Burnum was named the Nevada all-state player of the year and then coach Bill Coverley was selected as the coach of the year.

By season’s end, it was only fellow North team Fallon which stood in the way of Douglas’ AA (pronounced “Double-A” at the time) championship aspirations.


Douglas went 8-1-1 in 1974, with its lone loss coming by a 22-8 margin to Lowry.

The loss was considered the biggest upset of the season and dropped the Tigers to 5-1.

However, it didn’t take long for Douglas to bounce back. The Tigers bested every opponent after that, outside of an 8-8 tie with Bishop Manogue.

Todd Wilcks, who was a sophomore on that team, said a huge part of the Tigers being as successful as they were came down to the seniors on the team.

“They really were the heart and soul of that whole team,” said Wilcks. “They were the sparks of the team. They were the key for the success.”

Wilcks said the talent on the team first showed through with a 32-15 win over AAA-level Hug.

There were more surprises in store around the North, as Elko knocked off Fallon in the last game of the regular season.

After Douglas downed Fallon, 6-0, the Greenwave ended their season by losing their final two games of 1974.


The 1974 AA state-title game was a rugged, defensive affair.

The Tigers’ Roberts scored the eventual winning touchdown with 46 seconds left in the opening half after Douglas defender Philip Fingar grabbed an interception at Fallon’s 37.

In a postgame interview after the Tigers won their championship, Coverley said he began to understand the pressures of big-time collegiate football.
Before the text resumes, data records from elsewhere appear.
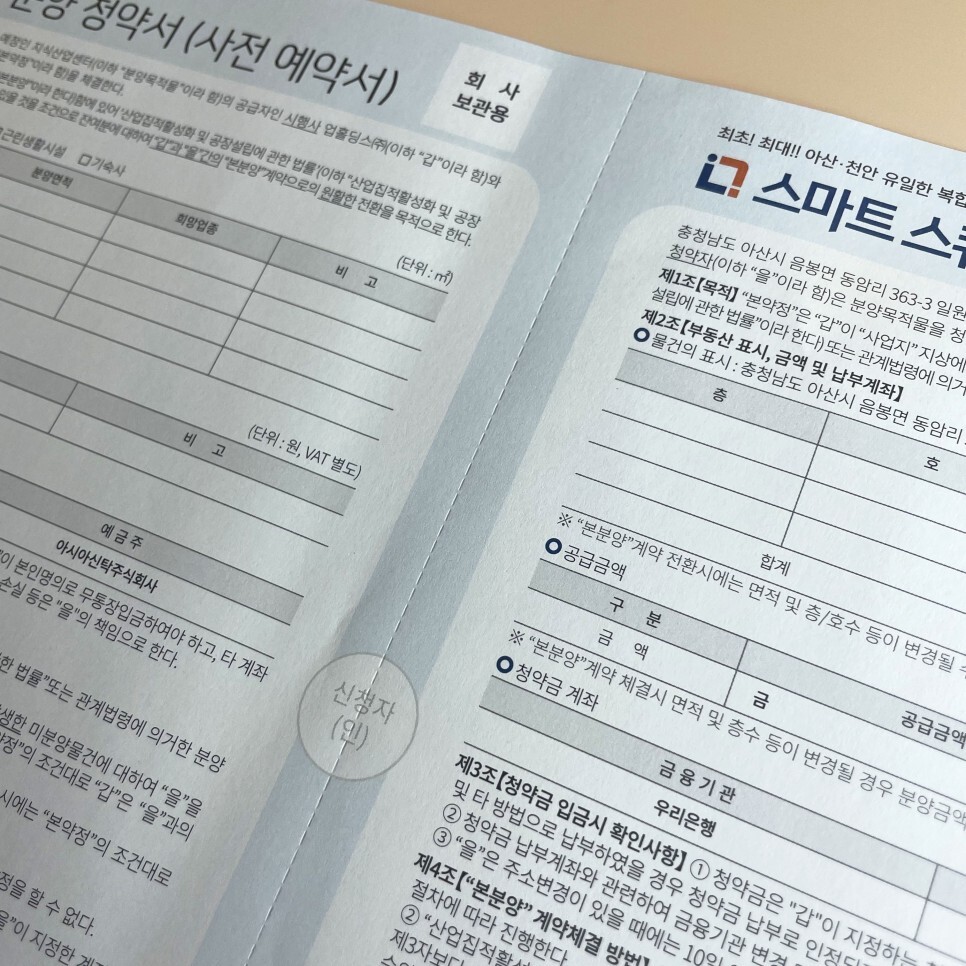 첫 번째는 2단 리플릿 형태의 계약서 및 약정서입니다.
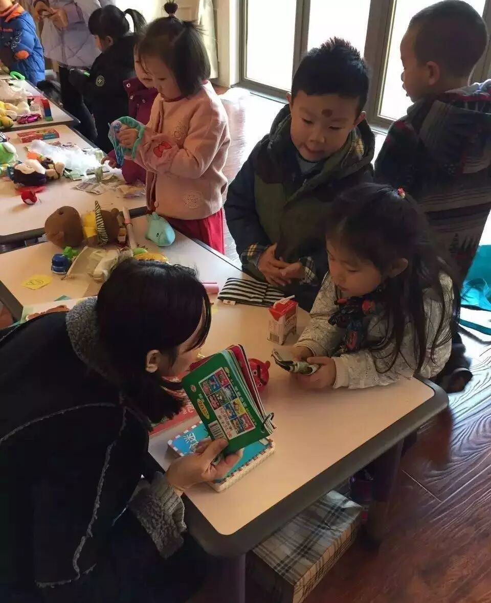 义卖活动中,孩子们大胆地和客人进行沟通,主动思考多种方法售卖着自己的商品 。
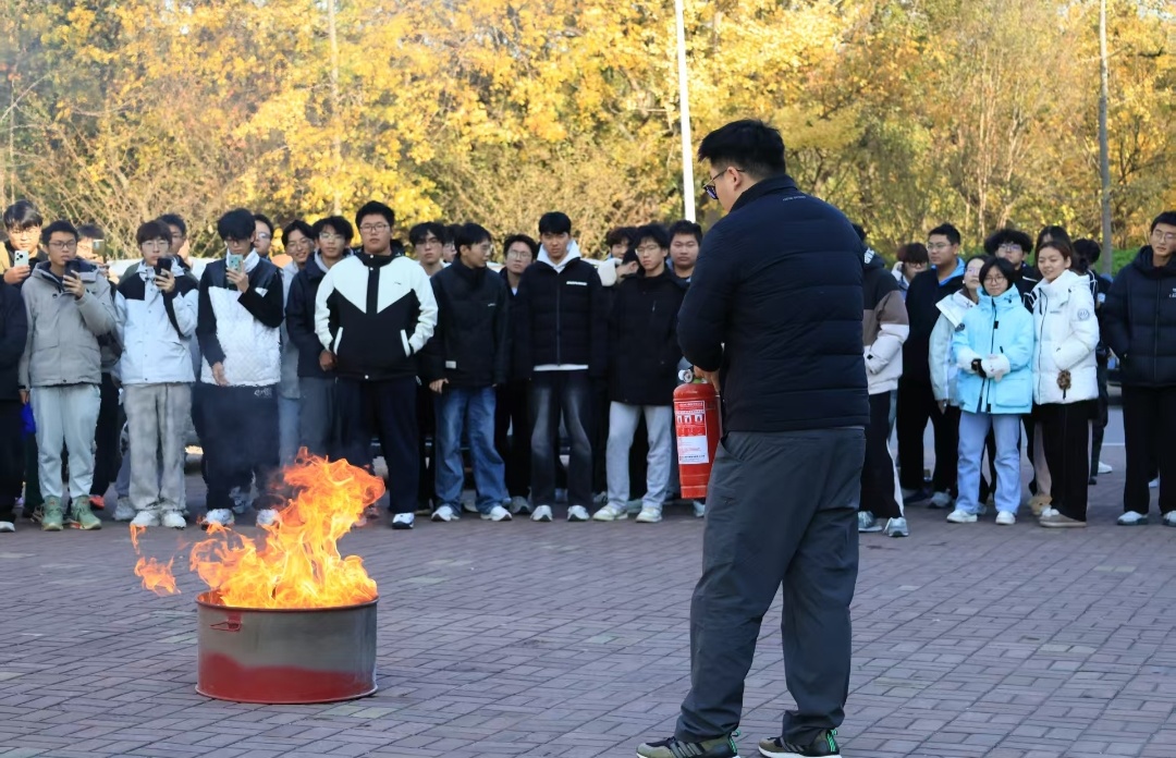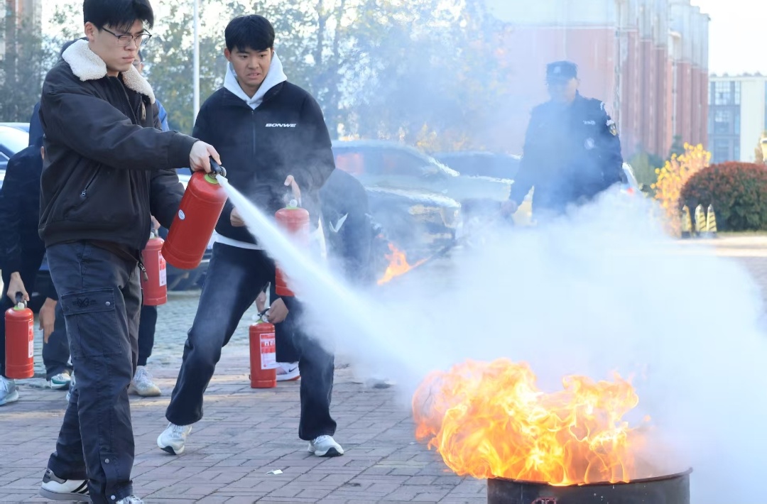 活动伊始,校保卫处张思宇结合校园火灾典型案例,从火灾成因、初期火情识别、逃生路线规划等方面展开讲解,让师生快速掌握基础安全知识。随后,校保卫处工作人员在演练场地打开了发烟罐,模拟“楼道浓烟”场景,参演师生在工作人员引导下弯腰捂鼻,沿墙壁快速有序撤离至指定安全区域。演练尾声,校保卫处工作人员现场演示干粉灭火器“提、拔、握、压”操作要领,师生轮流上手实操,亲手扑灭模拟火源,在实践中掌握灭火技能。
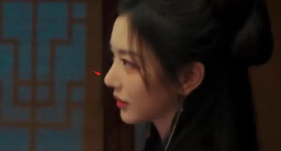 侧脸更奇怪了,鼻子像淘气堡里的滑梯一样,又弯又翘,一看就是人工打磨过的弧度,非常不自然。
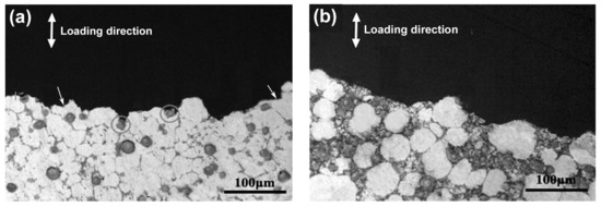 The observation for the side-views of the fracture surfaces indicates the crack propagation paths of all the composites during tensile testing are basically along the 3Ss between the primary particles, as shown by Figure 10. The only difference is that cracks occasionally propagate across some primary particles for the composites thixoformed at 590 °C (marked by arrows in Figure 10a). But this case becomes less and less as the temperature rises, and cracks almost completely propagate along the 3Ss when the temperature reaches 610 °C (Figure 10b). As discussed above, pores such as shrinkage porosities and gas pores all distribute in the 3Ss. So the 3Ss are the weak points of the composites, and thus, cracks preferentially propagate along these structures. In addition, the primary particles at 590 °C are basically connected to each other (Figure 1a) and they are gradually separated by the 3Ss, and finally evolve into the individual large-sized spheroidal particles at 610 °C (Figure 1d). So it can be expected that cracks can occasionally propagate across some interconnected primary particles for the composites formed at low reheating temperatures, and this situation will decrease due to the separation of the primary particles by 3Ss and completely disappear as the temperature rises to a given degree.

“Now I know how it feels when college coaches go to bowl games,” said Coverley. “Playing for a state championship is fun and winning is just icing on the cake.”

Burnum carried for more than 1,400 yards that season on his way to being named the Nevada player of the year.

Gil Castillo, Mark Kizer, David Snow, Louis Stodieck and Jerry Popichak were also first team all-state selections.

Burnum and Roberts were chosen as all-state players on both sides of the football.

Wilcks, Jacques Etchegoyhen, Terry Cruz and Russ Wheaton all picked up honorable mention all-state nods, as well.


A rainstorm the night before the championship game forced Coverley and Tiger administrators to scramble to try and get Dressler Field ready in time for kickoff.

Douglas knew its advantage was in its burst plays with its speedsters.

In order to help dry the field, Red Roberts of Harvey’s James Canyon Ranch hovered a helicopter over the field for several hours to dry the playing surface.

“Our team was built for speed. We had some real fast, shifty guys. Fallon was more straight ahead,” said Wilcks. “We knew a wet field was going to be in their advantage. We were doing everything we could to get the field in better shape.”

Wilcks doesn’t feel that they heard too much from their rivals in Carson about not playing them on their way to the state title.

Of course, that was during the 13-year span where the two teams didn’t play, as they were a part of different classifications.

“There wasn’t a lot of trash talking that I remember,” said Wilcks.

The 1974 season still stands as Douglas’ lone state title since the program began more than 100 years ago.